* **WHAT TO PRODUCE**: An identical copy of the listing below is all the answer should contain.

* **COLLECTED MATERIAL**:
Start of Block
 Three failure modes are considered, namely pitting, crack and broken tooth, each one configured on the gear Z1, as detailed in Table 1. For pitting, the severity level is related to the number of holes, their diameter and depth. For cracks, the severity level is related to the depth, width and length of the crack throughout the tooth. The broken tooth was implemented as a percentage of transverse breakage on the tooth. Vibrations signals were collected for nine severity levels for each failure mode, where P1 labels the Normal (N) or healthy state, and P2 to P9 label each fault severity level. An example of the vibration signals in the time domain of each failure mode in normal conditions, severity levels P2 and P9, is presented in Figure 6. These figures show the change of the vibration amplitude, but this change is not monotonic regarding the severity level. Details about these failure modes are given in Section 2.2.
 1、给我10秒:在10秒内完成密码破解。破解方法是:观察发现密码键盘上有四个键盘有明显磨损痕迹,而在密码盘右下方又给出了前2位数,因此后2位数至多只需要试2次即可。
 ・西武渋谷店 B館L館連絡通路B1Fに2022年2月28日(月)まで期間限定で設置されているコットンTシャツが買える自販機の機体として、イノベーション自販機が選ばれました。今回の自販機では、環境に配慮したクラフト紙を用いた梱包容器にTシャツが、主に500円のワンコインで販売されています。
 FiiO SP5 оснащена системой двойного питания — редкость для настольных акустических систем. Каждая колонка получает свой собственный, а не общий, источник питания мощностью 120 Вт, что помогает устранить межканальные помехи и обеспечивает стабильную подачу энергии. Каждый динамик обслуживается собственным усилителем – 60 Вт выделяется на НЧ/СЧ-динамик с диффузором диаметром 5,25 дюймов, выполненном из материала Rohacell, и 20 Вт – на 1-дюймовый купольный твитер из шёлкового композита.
End of Block
* **REPLY**:
 Three failure modes are considered, namely pitting, crack and broken tooth, each one configured on the gear Z1, as detailed in Table 1. For pitting, the severity level is related to the number of holes, their diameter and depth. For cracks, the severity level is related to the depth, width and length of the crack throughout the tooth. The broken tooth was implemented as a percentage of transverse breakage on the tooth. Vibrations signals were collected for nine severity levels for each failure mode, where P1 labels the Normal (N) or healthy state, and P2 to P9 label each fault severity level. An example of the vibration signals in the time domain of each failure mode in normal conditions, severity levels P2 and P9, is presented in Figure 6. These figures show the change of the vibration amplitude, but this change is not monotonic regarding the severity level. Details about these failure modes are given in Section 2.2.
 1、给我10秒:在10秒内完成密码破解。破解方法是:观察发现密码键盘上有四个键盘有明显磨损痕迹,而在密码盘右下方又给出了前2位数,因此后2位数至多只需要试2次即可。
 ・西武渋谷店 B館L館連絡通路B1Fに2022年2月28日(月)まで期間限定で設置されているコットンTシャツが買える自販機の機体として、イノベーション自販機が選ばれました。今回の自販機では、環境に配慮したクラフト紙を用いた梱包容器にTシャツが、主に500円のワンコインで販売されています。
 FiiO SP5 оснащена системой двойного питания — редкость для настольных акустических систем. Каждая колонка получает свой собственный, а не общий, источник питания мощностью 120 Вт, что помогает устранить межканальные помехи и обеспечивает стабильную подачу энергии. Каждый динамик обслуживается собственным усилителем – 60 Вт выделяется на НЧ/СЧ-динамик с диффузором диаметром 5,25 дюймов, выполненном из материала Rohacell, и 20 Вт – на 1-дюймовый купольный твитер из шёлкового композита.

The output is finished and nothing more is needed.